== PROBLEM ==
Below are records with pictures; copy word for word only the lines between the line with "April 17, SIIS" and the line with "Ngược chiều, cổ", inclusive, and drop the pictures.

##### DATA FOR THE TASK #####

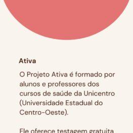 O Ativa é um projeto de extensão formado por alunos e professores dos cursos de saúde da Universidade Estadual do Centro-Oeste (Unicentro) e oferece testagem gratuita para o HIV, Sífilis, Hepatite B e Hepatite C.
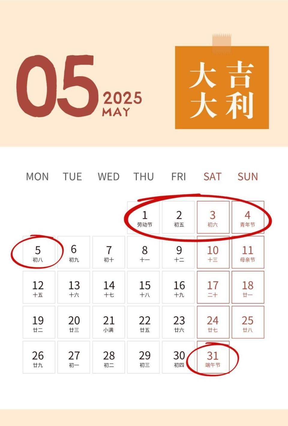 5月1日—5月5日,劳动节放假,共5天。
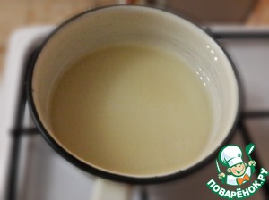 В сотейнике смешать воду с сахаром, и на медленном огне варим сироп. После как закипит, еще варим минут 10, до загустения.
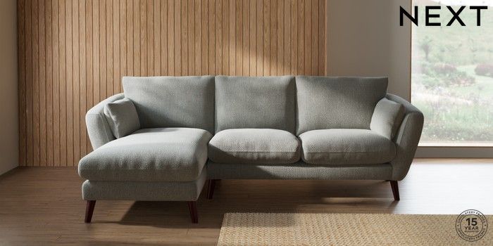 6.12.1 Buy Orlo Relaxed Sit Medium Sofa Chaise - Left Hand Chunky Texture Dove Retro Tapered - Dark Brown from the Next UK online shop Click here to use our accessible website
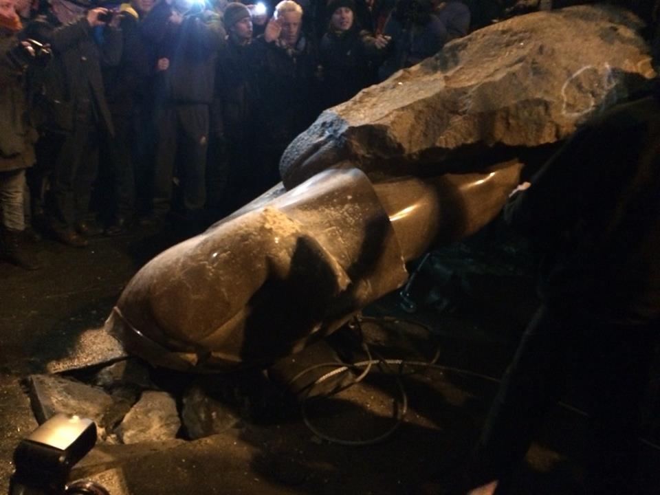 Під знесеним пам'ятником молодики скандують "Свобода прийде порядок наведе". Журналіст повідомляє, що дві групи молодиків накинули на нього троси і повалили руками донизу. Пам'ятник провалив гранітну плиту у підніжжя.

#####
##### DATA FOR THE TASK #####

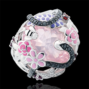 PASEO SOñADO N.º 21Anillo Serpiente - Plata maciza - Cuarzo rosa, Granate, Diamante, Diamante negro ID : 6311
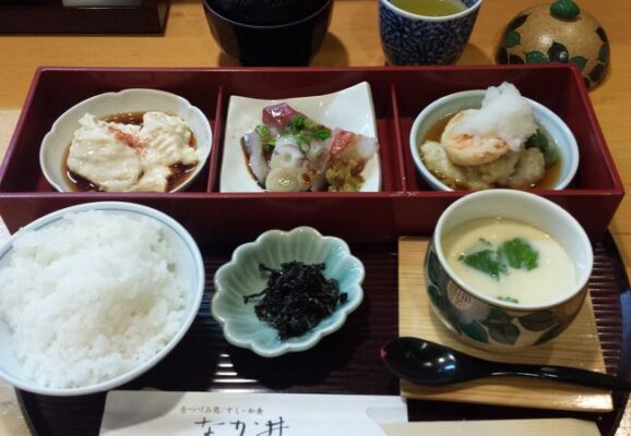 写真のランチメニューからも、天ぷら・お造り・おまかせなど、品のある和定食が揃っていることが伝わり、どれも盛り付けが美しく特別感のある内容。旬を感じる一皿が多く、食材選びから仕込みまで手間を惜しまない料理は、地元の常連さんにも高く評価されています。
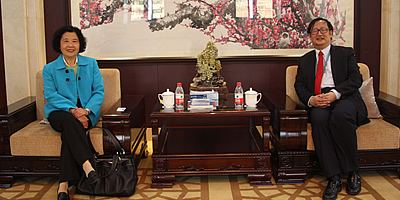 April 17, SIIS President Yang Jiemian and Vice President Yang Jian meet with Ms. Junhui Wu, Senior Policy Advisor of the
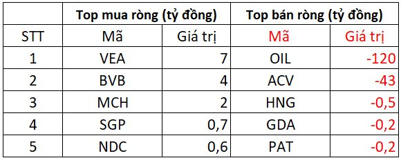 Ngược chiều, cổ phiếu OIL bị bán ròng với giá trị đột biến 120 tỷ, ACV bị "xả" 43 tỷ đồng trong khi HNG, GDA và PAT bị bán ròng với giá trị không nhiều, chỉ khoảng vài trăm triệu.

#####
##### DATA FOR THE TASK #####

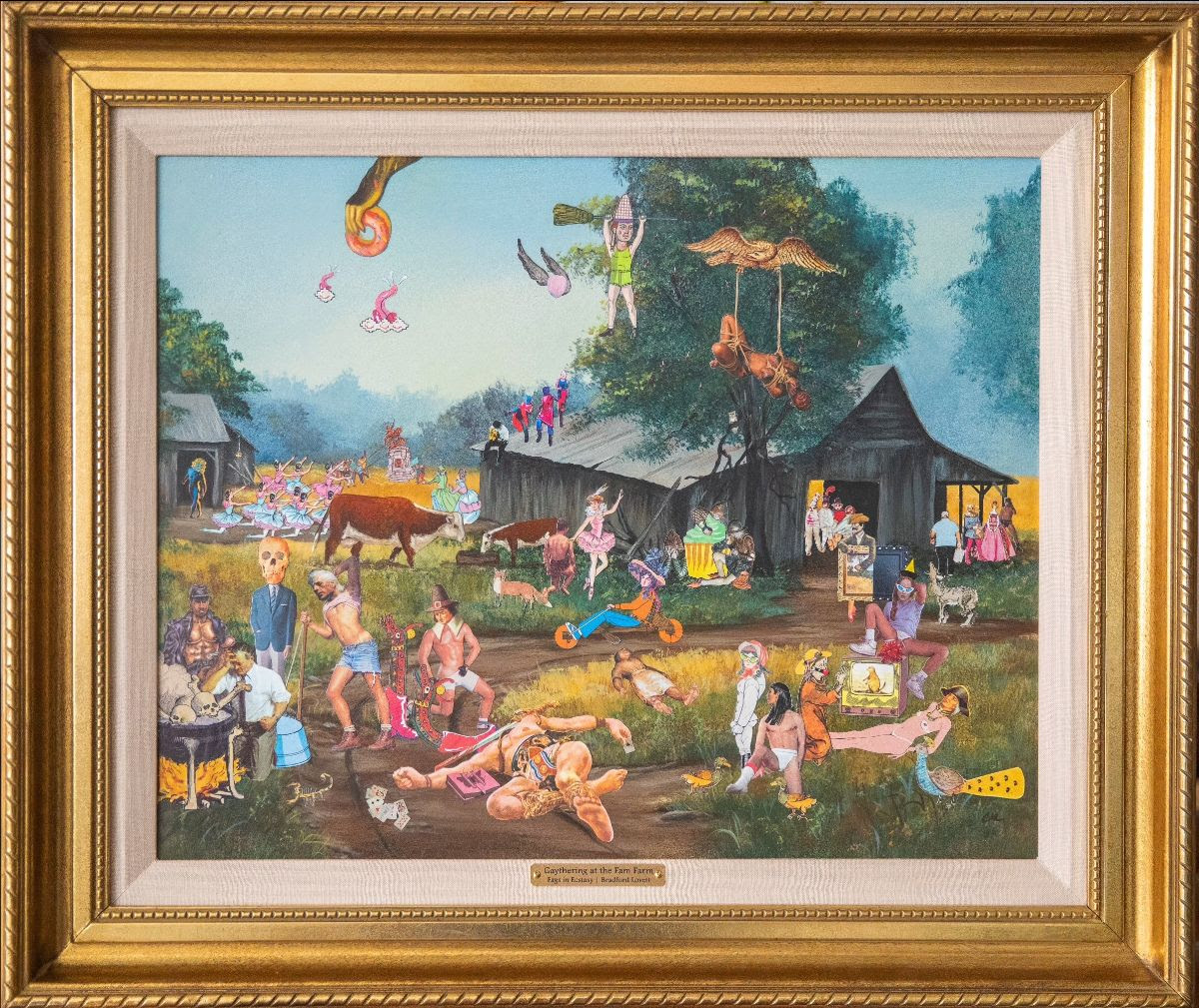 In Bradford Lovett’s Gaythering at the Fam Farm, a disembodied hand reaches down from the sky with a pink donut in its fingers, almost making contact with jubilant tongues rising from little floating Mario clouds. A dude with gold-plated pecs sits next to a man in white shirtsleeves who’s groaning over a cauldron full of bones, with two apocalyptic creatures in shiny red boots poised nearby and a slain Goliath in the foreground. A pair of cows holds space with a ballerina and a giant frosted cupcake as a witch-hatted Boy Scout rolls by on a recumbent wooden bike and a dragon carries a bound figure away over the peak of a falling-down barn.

#####

== YOUR RESPONSE ==
 April 17, SIIS President Yang Jiemian and Vice President Yang Jian meet with Ms. Junhui Wu, Senior Policy Advisor of the
 Ngược chiều, cổ phiếu OIL bị bán ròng với giá trị đột biến 120 tỷ, ACV bị "xả" 43 tỷ đồng trong khi HNG, GDA và PAT bị bán ròng với giá trị không nhiều, chỉ khoảng vài trăm triệu.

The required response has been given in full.